Git for Windows includes Git Bash and the necessary tools,
which need to be included in the global Windows PATH
.
Most of the HTTP benchmarks require a benchmarker to be installed. This can be
either wrk
or autocannon
.
Autocannon
is a Node.js script that can be installed using
npm install -g autocannon
. It will use the Node.js executable that is in the
path. In order to compare two HTTP benchmark runs, make sure that the
Node.js version in the path is not altered.
wrk
may be available through one of the available package managers. If not, it can
be easily built from source via make
.
By default, wrk
will be used as the benchmarker. If it is not available,
autocannon
will be used in its place. When creating an HTTP benchmark, the
benchmarker to be used should be specified by providing it as an argument:
node benchmark/run.js --set benchmarker=autocannon http
node benchmark/http/simple.js benchmarker=autocannon
To run the http2
benchmarks, the h2load
benchmarker must be used. The
h2load
tool is a component of the nghttp2
project and may be installed
from nghttp2.org or built from source.
node benchmark/http2/simple.js benchmarker=autocannon
To analyze the results, R
should be installed. Use one of the available
package managers or download it from https://www.r-project.org/.
The R packages ggplot2
and plyr
are also used and can be installed using
the R REPL.
$ R
install.packages("ggplot2")
install.packages("plyr")
In the event that a message is reported stating that a CRAN mirror must be selected first, specify a mirror by adding in the repo parameter.

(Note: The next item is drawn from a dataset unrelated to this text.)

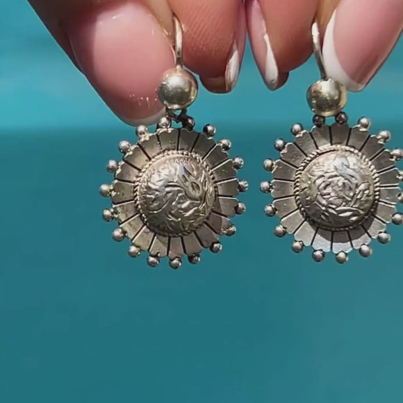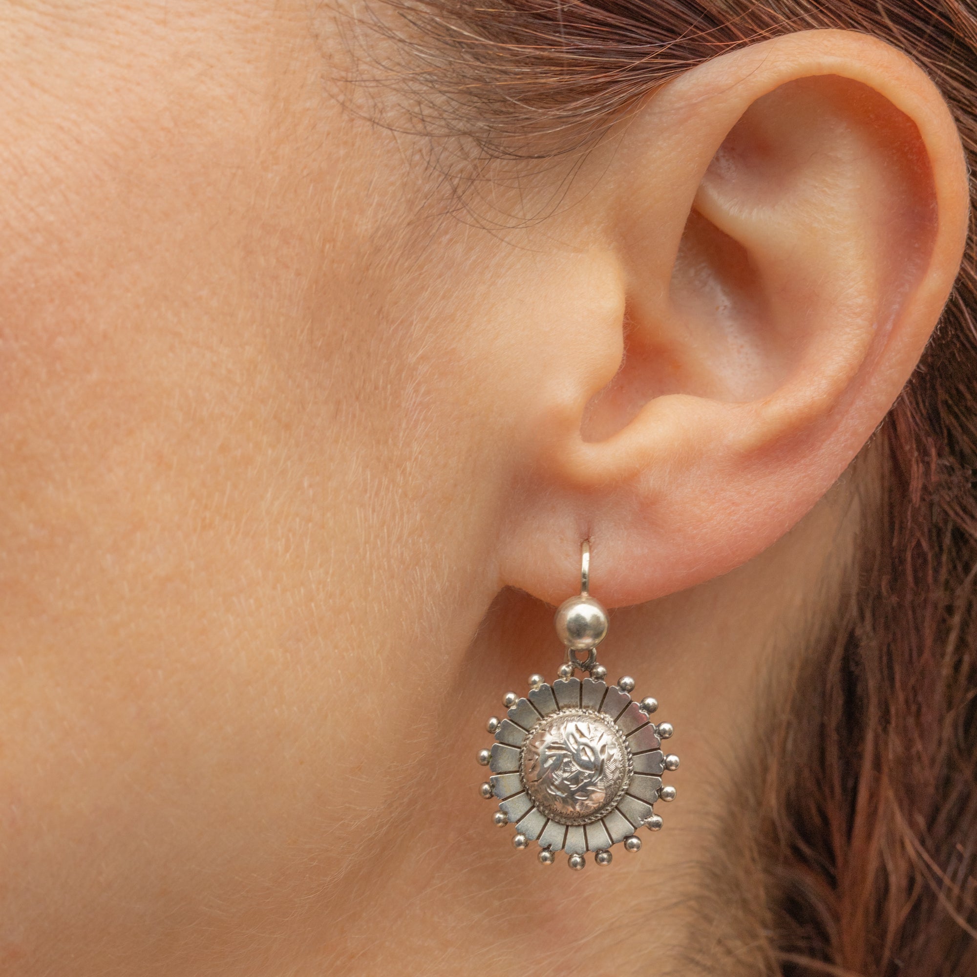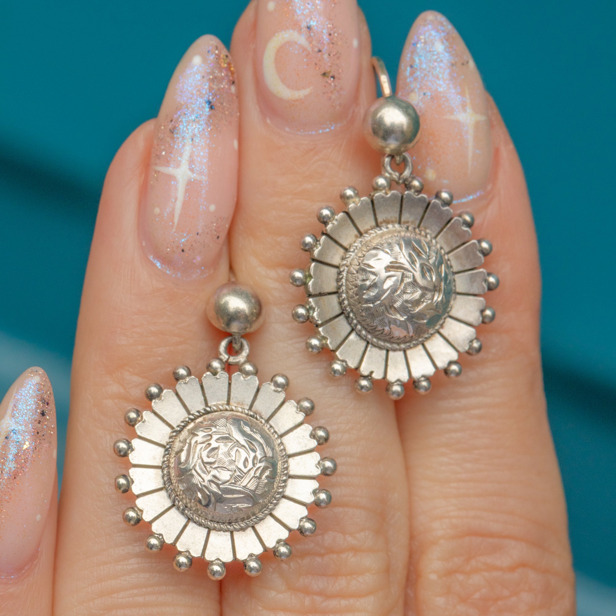 ビクトリアン シルバー 彫刻入りイヤリング ビーズエッジ付き

If we used the "http://cran.us.r-project.org" mirror, it could look something like this:
install.packages("ggplot2", repo="http://cran.us.r-project.org")
Of course, use an appropriate mirror based on location. A list of mirrors is located here.
This can be useful for debugging a benchmark or doing a quick performance measure. But it does not provide the statistical information to make any conclusions about the performance.
Individual benchmarks can be executed by simply executing the benchmark script with node.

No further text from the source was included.